Exercise prompt
Every line of the listing belongs in your answer exactly as written; the images do not.

Given material

>>

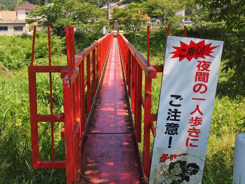 お墓に向かう途中に人が1人だけが通れる細い 赤い橋 がありました。100mほどありそうな長い橋。結構なにげに風で揺れていますし、きっとこの辺り夜は真っ暗になるのでしょう・・「 夜間の一人歩きに注意 」とのこと。 とてもじゃないけど1人で夜、ここに来ようとは思いませんが実に不思議な佇まいです。ちょっとしたサプライズスポットかも..。
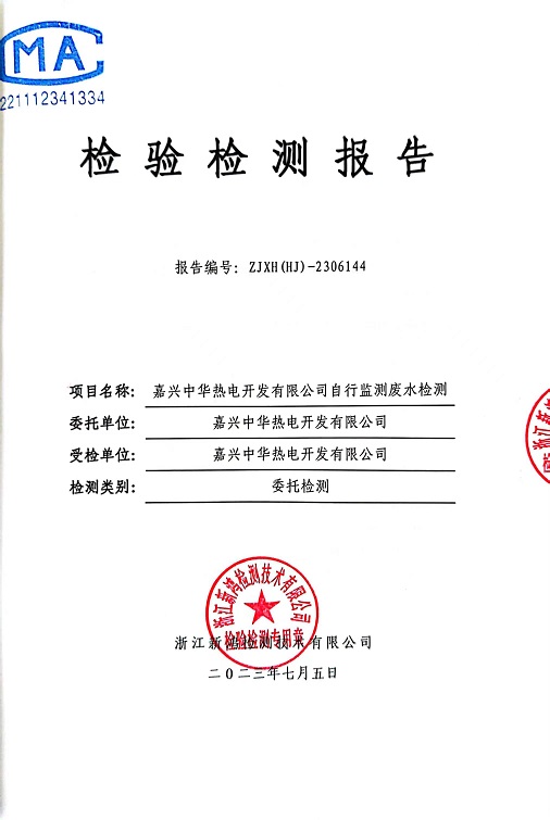 報(bào)告名稱:中華熱電2023.6月廢水檢測報(bào)告
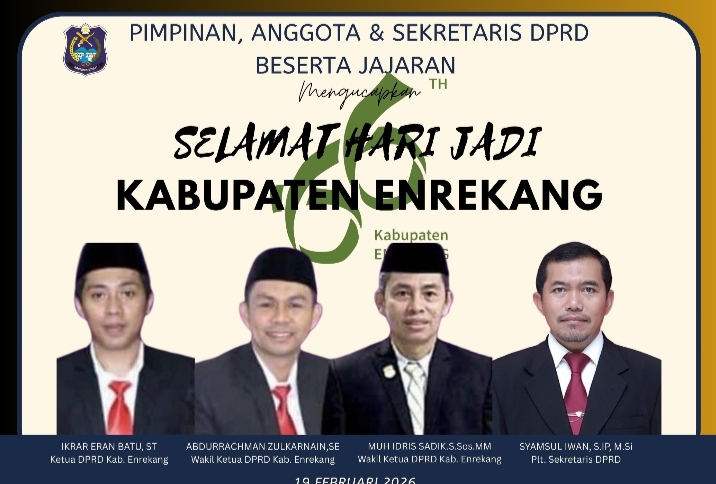 TEROBOSNUSANTARA.COM-ENREOANG-Ketua DPRD Kabupaten Enrekang, Ikrar Eran Batu, siap menyambut Hari Ulang Tahun (HUT) Enrekang ke-66 tahun 2026. Ikrar Eran Batu terpilih sebagai Ketua DPRD Enrekang masa jabatan 2024-2029
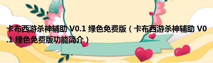卡布西游杀神辅助 V0.1 绿色免费版(卡布西游杀神辅助 V0.1 绿色免费版功能简介)

<<

Reply
 お墓に向かう途中に人が1人だけが通れる細い 赤い橋 がありました。100mほどありそうな長い橋。結構なにげに風で揺れていますし、きっとこの辺り夜は真っ暗になるのでしょう・・「 夜間の一人歩きに注意 」とのこと。 とてもじゃないけど1人で夜、ここに来ようとは思いませんが実に不思議な佇まいです。ちょっとしたサプライズスポットかも..。
 報(bào)告名稱:中華熱電2023.6月廢水檢測報(bào)告
 TEROBOSNUSANTARA.COM-ENREOANG-Ketua DPRD Kabupaten Enrekang, Ikrar Eran Batu, siap menyambut Hari Ulang Tahun (HUT) Enrekang ke-66 tahun 2026. Ikrar Eran Batu terpilih sebagai Ketua DPRD Enrekang masa jabatan 2024-2029
卡布西游杀神辅助 V0.1 绿色免费版(卡布西游杀神辅助 V0.1 绿色免费版功能简介)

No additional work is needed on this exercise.